Page 44 of your owners manual. This should be for an ipod/iphone or usb connected device:

*To select the playback mode *

You can change the playback mode using the TOOLS/OPTIONS on the remote control. • Repeat: Off / One / All • Shuffle: Off / Songs / Albums • Audiobooks: Slower / Normal / Faster


----------



## billym (Jan 3, 2008)

Thank you for your reply. I did read this in the manual, but it does not work for me. TOOLS/OPTIONS only give one option:: REPEAT: with choices for Off. One, All or Folder. There is no option for Shuffle. The USB thumb drive I am using has a number of individual albums of MP3 music in separate folders, as well as some individual MP3 songs.


----------



## WestDC (Feb 9, 2008)

billym said:


> Thank you for your reply. I did read this in the manual, but it does not work for me.

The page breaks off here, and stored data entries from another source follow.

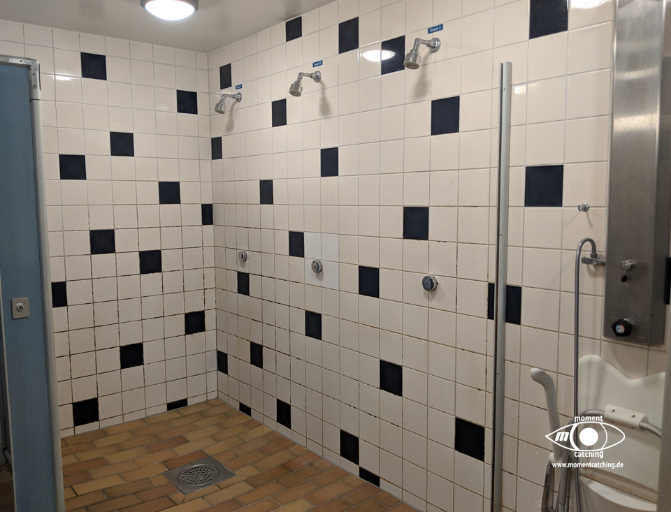 - Die sanitären Einrichtungen sind nicht besonders gut. Die Duschen sind frei in einem Raum. Sie machen einen ungepflegten Eindruck genauso wie die Fäkalienentsorgung. Grauwasser kann nur über Wanne entsorgt werden.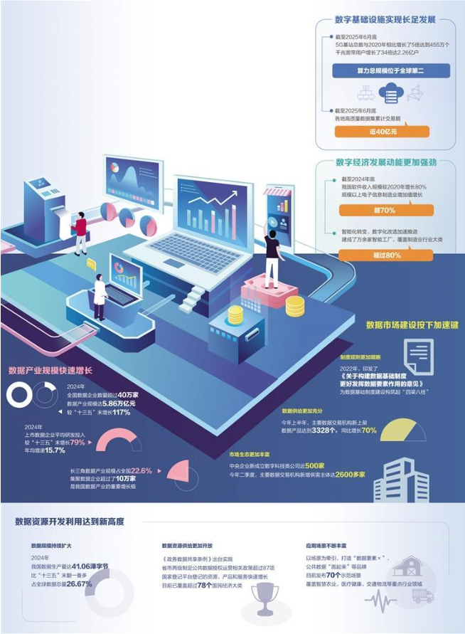 在數字經濟快速發展的基礎上,數據要素價值加快釋放。2024年,全國數據企業數量超過40萬家,數據產業規模達5.86萬億元。我國以場景牽引帶動數據要素價值充分釋放,開展公共數據“跑起來”示范場景建設。一批圍繞數據匯聚共享、開發利用的數據企業正在孕育興起,標準、規范不斷推出,數據交易日趨活躍,全國一體化數據市場正在加快構建。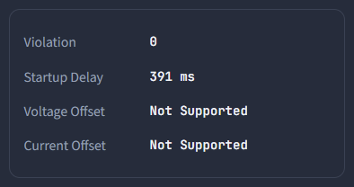 새로 추가된 필드인 Violation 은 설정된 출력 제한을 초과하는 데이터 포인트의 개수이며, Startup Delay는 해당 세션에서 에너지미터가 켜진 후 헤더를 기록하고 측정을 개시하기까지 소요된 시간입니다.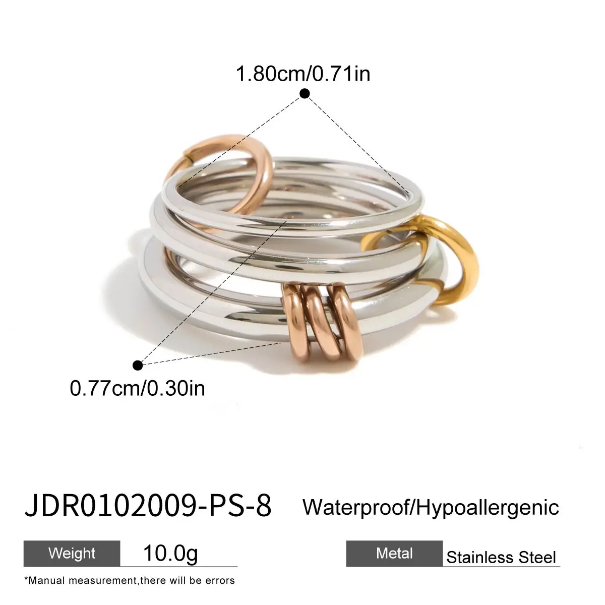 - Features a modern three-layer, round-shaped design with uniform 2mm wide bands, perfect for stacking and creating stylish layered effects.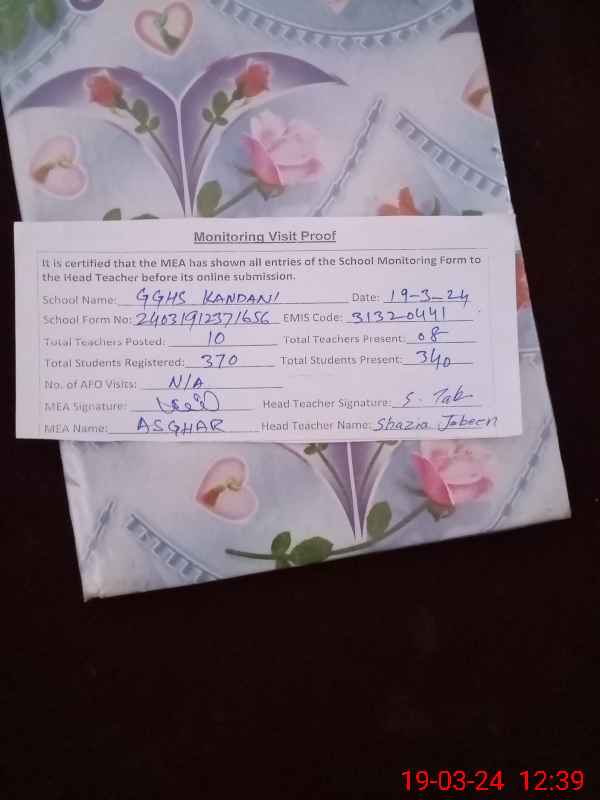| EMIS Code: 31320441 | Name of School: GGHS KANDANI NO. 1 | |||

TOOLS/OPTIONS only give one option:: REPEAT: with choices for Off. One, All or Folder. There is no option for Shuffle. The USB thumb drive I am using has a number of individual albums of MP3 music in separate folders, as well as some individual MP3 songs.


 I suggest you try this on another Usb stick - Do not put songs in a folder -Cherry pick the songs one at a time and if the usb stick put then in one folder

You may be able to play them the way you wish.


----------



## billym (Jan 3, 2008)

Thanks WestDC. I tried that with no different result.. I put about 50 songs individually on the USB stick, and it still would only play them in the sequence loaded on the stick. The only TOOLs/OPTIONS choice is still just REPEAT. No option for shuffle.


----------